# best books critiquing Federal Vision/New Perspective on justification



## Stephen L Smith (Jun 12, 2013)

I am looking for one or two excellent books on the Federal Vision AND New Perspective on Justification. I can get By Faith Alone: Answering the Challenges to the Doctrine of Justification by Johnson, Gary L. W. and Waters, Guy but was interested to see what PB members think of a range of books.


----------



## DMcFadden (Jun 13, 2013)

All of the above. Plus, James Buchanan's book, R.C. Sproul on Justification by Faith, and James R. White's Justification by Faith are WONDERFUL!


----------



## Steve Paynter (Jun 13, 2013)

There is wide consensus that one of the best single volume critiques of the New Perspective position is *Stephen Westerholm's "Perspectives Old and New on Paul: The Lutheran Paul and his Critics". * Not only does he provide much needed historical perspective, explaining the positions on justification of theologians such as Augustine, Luther, Calvin and Wesley, but he provides a good overview of the scholarly pre-NPP debate about Paul (e.g. Wrede, Schweitzer, Montefiore, Stendahl, Bultmann, Wilkens, Raisanen, etc) and then takes pains to explain the main NPP positions without caricature, and the position of their "Lutheran" critics.

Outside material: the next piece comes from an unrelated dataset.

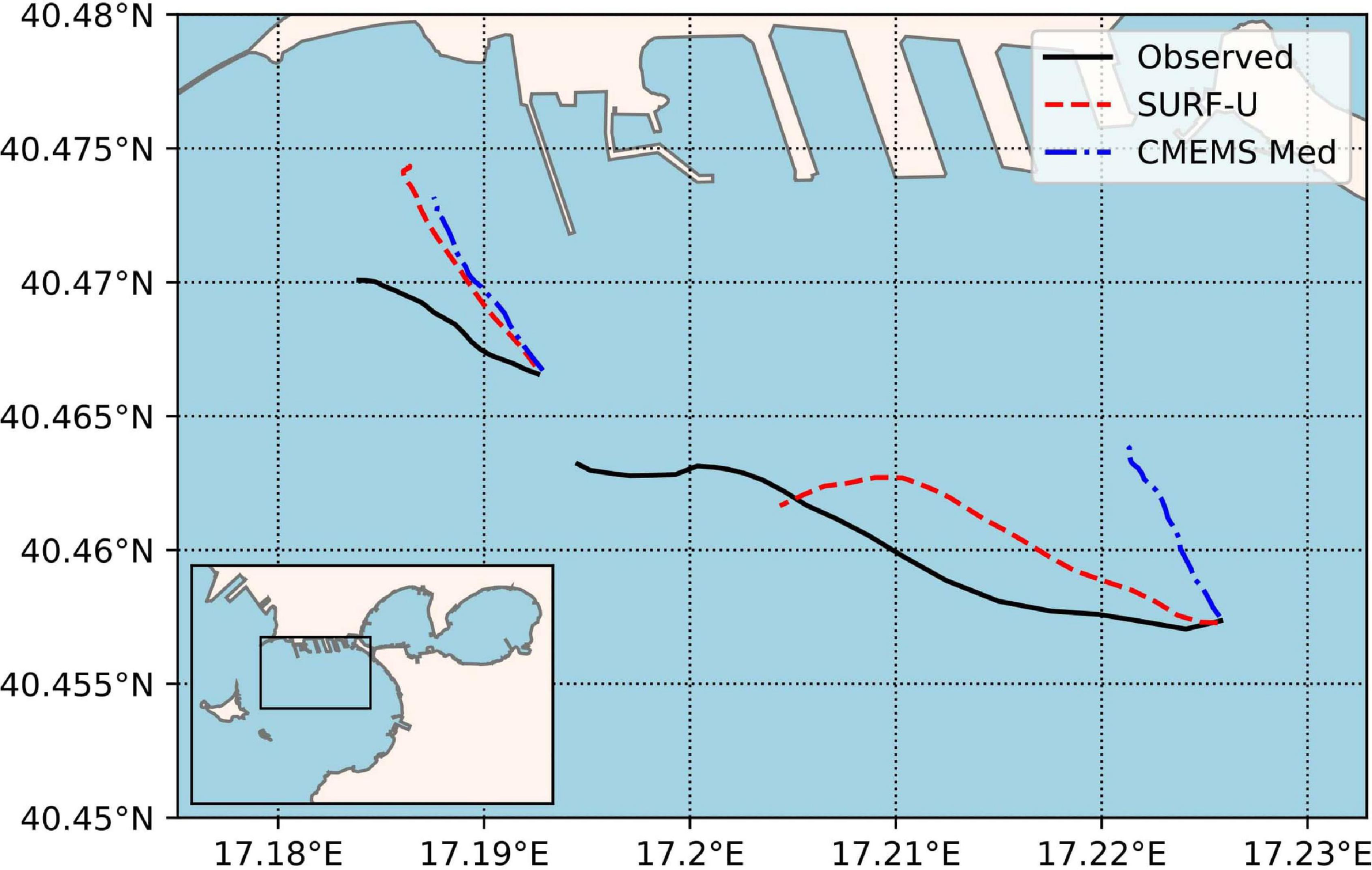 Figure 5 shows the mean trajectories of two groups of drifters released in the positions indicated in the right panel of Figure 2, for the first 12 h after their release (5 October 2014). The observed trajectory is shown in black and is compared to those simulated by the Lagrangian model using the SURF-U and CMEMS model data. The CMEMS data are derived from the single grid point outside the Taranto Sea (black cross on the right panel of Figure 2), chosen ad hoc for the simulation. For the eastern group of drifters, the SURF-U trajectory shows a significant improvement, while for the western group the SURF-U and CMEMS drifts are equivalent. This could be due to limitations in our modeling hypothesis, such as the low spatial/temporal variability of wind forcing and the neglected effects of Stokes drift. However, the inherent limited predictability of objects floating at sea can only be ameliorated by ensemble methods (Vieira et al., 2020).

He then explores the definitional and exegetical issues around the main issues in the debate, including: the meaning of righteousness in Paul; the meaning of the "Law" in Paul; "Grace" in Sanders work on Judaism; and Justification in Paul's thought. Throughout the work is sprinkled with Westerholm's sparkling gentle wit.

This book is credited in many circles with opening the eyes of many scholars to the inadequacies of the NPP rhetoric.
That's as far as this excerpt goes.